L’objectif de ces installations réalisées – gratuitement – en partenariat avec Sunpower (filiale de Total qui fournit les panneaux solaires) est clair : « Montrer notre capacité en stockage d’énergie », insiste Ange Mancini. Un showroom grandeur nature, en quelque sorte, fait pour marquer les esprits mais aussi pour tester les usages : e-learning, eau purifiée, activités sportives, plateformes multifonctionnelles…
« La Bluezone de Conakry nous a coûté entre 500 000 et 1 million d’euros, souligne le conseiller de Vincent Bolloré. Le long de la ligne de chemin de fer entre Conakry et Kagbelen, qui va être rénovée, nous comptons en implanter six autres [voir carte en fin d’article]. Et sur la boucle ferroviaire ouest-africaine, nous pourrions installer une Bluezone tous les cinq à dix kilomètres, chacune faisant entre deux et quatre hectares. »
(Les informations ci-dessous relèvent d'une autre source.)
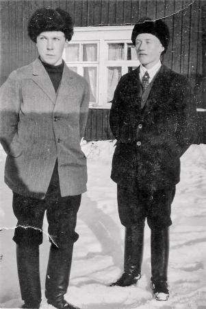 Vinterfoto med goda vännerna Vilhelm och Bertel. Fotot frå 1930-talet

En test en France, la Bluehouse, une maison autonome en énergie, devrait également trouver sa place en Afrique dès 2015. La possibilité d’un premier test au Malawi est évoquée. Une commercialisation de ces maisons « électrifiées » sur le continent pourrait ouvrir un vaste champ d’application dans les zones rurales : des maisons privées, des dispensaires, des salles de classe, des campements isolés pour miniers…
Aléas
Reste à préciser le modèle économique. « C’est tout de même le principal problème de tous ces projets énergétiques décentralisés. Qui paiera ? Qui financera ? » se demande Fabrice Le Saché, qui observe que les projets dans le domaine des énergies renouvelables sont beaucoup plus nombreux à être annoncés qu’à être réalisés en Afrique subsaharienne.
Sur le financement, le groupe Bolloré n’a guère d’inquiétudes, rappelant qu’il a investi 2 milliards d’euros depuis 1991 dans le développement de ses batteries. « Nous ne nous posons pas encore la question des clients, admet Ange Mancini. On verra. Cela pourra être des États, des groupes miniers ou des bailleurs de fonds. » Par ailleurs, des partenariats avec des groupes spécialisés (dans l’eau ou la santé, par exemple) sont envisagés.
Qui paiera ? Qui financera ? C’est le principal problème de tous ces projets énergétiques décentralisés.
La capacité de stockage des batteries, pour l’instant de 180 kWh, limite encore le champ des possibles, mais pourrait tout à fait satisfaire les besoins de groupements d’artisans ou de commerçants, voire de PME : le cabinet américain McKinsey estime qu’entre 35 % et 55 % des entreprises en Afrique, au Moyen-Orient et en Asie du Sud possèdent des générateurs au diesel, une solution coûteuse et soumise aux aléas des approvisionnements. « Nous travaillons sur une capacité de 1 MWh, utilisable pour tout un quartier », révèle Ange Mancini.
L’explosion annoncée du marché mondial du stockage électrique, qui dépassera les 10 milliards d’euros par an à partir de 2020 selon Boston Consulting Group, est dans tous les esprits. Y compris, bien sûr, dans celui de Vincent Bolloré.